There is now a probably easier way to download this kind of data using xarray
. There are examples downloading and ploting variables in the folder notebook
. There is also two new example scripts, get_gfs_xarray.py
and get_gfs_hist_xarray.py
, that download data from the real-time and historical server (see this comment for more information) using xarray. Thanks to @heyerbobby for the first version of the xarray scripts.
If you are looking to download only from the real time server, the repository https://github.com/jagoosw/getgfs contains a more polished and user-friendly version and you should probably use that instead.
These scripts were tested with Python 3.9, but they should work with any Python 3 version. First install Anaconda and then create an enviroment with
conda env create -f environment.yml
Then activate the environment
conda activate get-gfs
Scripts to fetch meteorological data from the GFS model:
get_gfs.py
gets data from the real-time server, which is located at https://nomads.ncep.noaa.gov/dods/ and holds the last 15 days of data.get_gfs_hist.py
gets data from the historical server, which is located at https://www.ncei.noaa.gov/thredds/catalog/model-gfs-004-files-old/catalog.html and holds the last 2 years of data (more information: https://www.ncdc.noaa.gov/data-access/model-data/model-datasets/global-forcast-system-gfs)
Example for the real time server:
./get_gfs.py -s 1 -r 0.25 -t 0 48 -x -10 10 -y -15 15 -p 0 2 -c example_conf.json 20210217 00
The previous line will download meteorology from the GFS run on 2021-02-17 at 00z:
- Temporal resolution of 1 hour
- Spatial resolution of 0.25º
- Time steps from 0 to 48 (since temporal resolution is 1h, 48 hours from 20210217 at 00)
- Longitudes from -10 to 10
- Latitudes from -15 to 15
- Pressure levels from 0 to 2 (only for variables that have pressure level data)
- Variables in
example_conf.json
Example for the historical server:
./get_gfs_hist.py -t 0 10 -x -10 10 -y -10 10 -c example_conf_hist.json 20191005 00
Note that the historical server:
- Only has 0.5º spatial resolution (the default)
- Only has 3h temporal resolution (the default)
- It downloads the first 10 time steps, which in turn it translates to hours 00-30 (due to temporal resolution of 3 hours)

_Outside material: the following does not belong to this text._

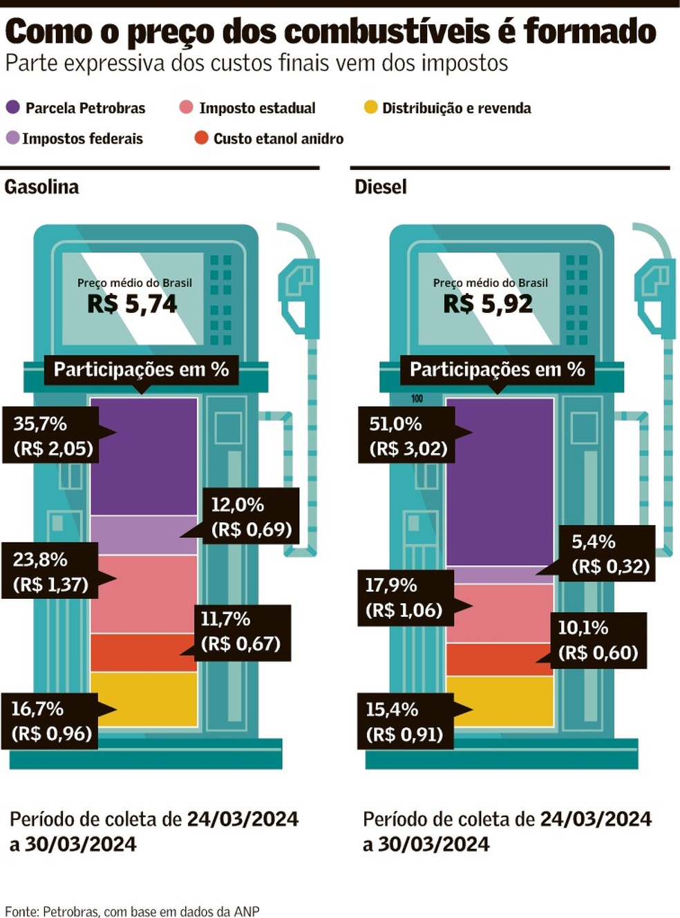 Para a fonte, que participou das discussões sobre o ICMS, a medida é favorável e deixa o imposto mais previsível. Em 2024, o ICMS sobre a gasolina está em R$ 1,37 por litro e sobre o diesel, em R$ 1,06 por litro. O imposto federal sobre a gasolina é formado por Contribuição de Intervenção no Domínio Econômico (Cide), Programa de Integração Social e o Programa de Formação do Patrimônio do Servidor Público (PIS/Pasep) e Contribuição para o Financiamento da Seguridade Social (Cofins).
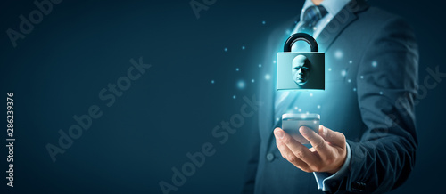 Wall mural : Smart phone face detection and identification (id) concept - padlock with face is metaphor of unlocki

- Pressure levels and heights are specified for each variable in the configuration file
To build the JSON configuration files for the historical server you can go directly to the server and check the following URL for any day:
The possible values for the height_above_ground
and isobaric
levels can be
obtained running a query directly in the browser, for instance:
Similarly, for the real time server you can get this information by adding the suffix .dds
, .info
and .das
In the URLs you can also see some information about the meteorological variables such us units, minimum, maximum, representation of missing values and so on.
The output of the script is an Pandas dataframe written to an ASCII file, with a
multi-index in the rows (lat, lon) and a multi-index in the columns
(variables-time). It can be read back into Python using pd.read_csv()
.
Apart from the name of the variables, which is different in both servers (even though they refer to the same meteorological variable), there are also other differences between them:
- The real time server stores all the time steps in one file, while in the historical server there is one file for each time step (0, 3, 6, 9, 12,...)
- The real time server has also 0.25º spatial resolution, while the historical server only has 0.5º
- The real time server has a temporal resolution of 1hr and 3hr for 0.25º, while for 0.5º and in the historical server only an step of 3hr is available
- In the real time server the different heights of the variables are stored
in different entries. For instance
tmp2m
,tmp80m
,tmp100m
refer to the temperature at 2, 80 and 100m above ground. In the historical server these variables are a stored in an new dimension of the variable, for exampleTemperature_height_above_ground
. Thus, in the historical server the z-axis (eitherheight_above_ground
orpressure
) has to be set for each variable in the configuration file. In the real time server the pressure levels are controlled using an optional parameter, but they have to be the same for every variable which has them. Variables at different heights are different entries, as mentioned above.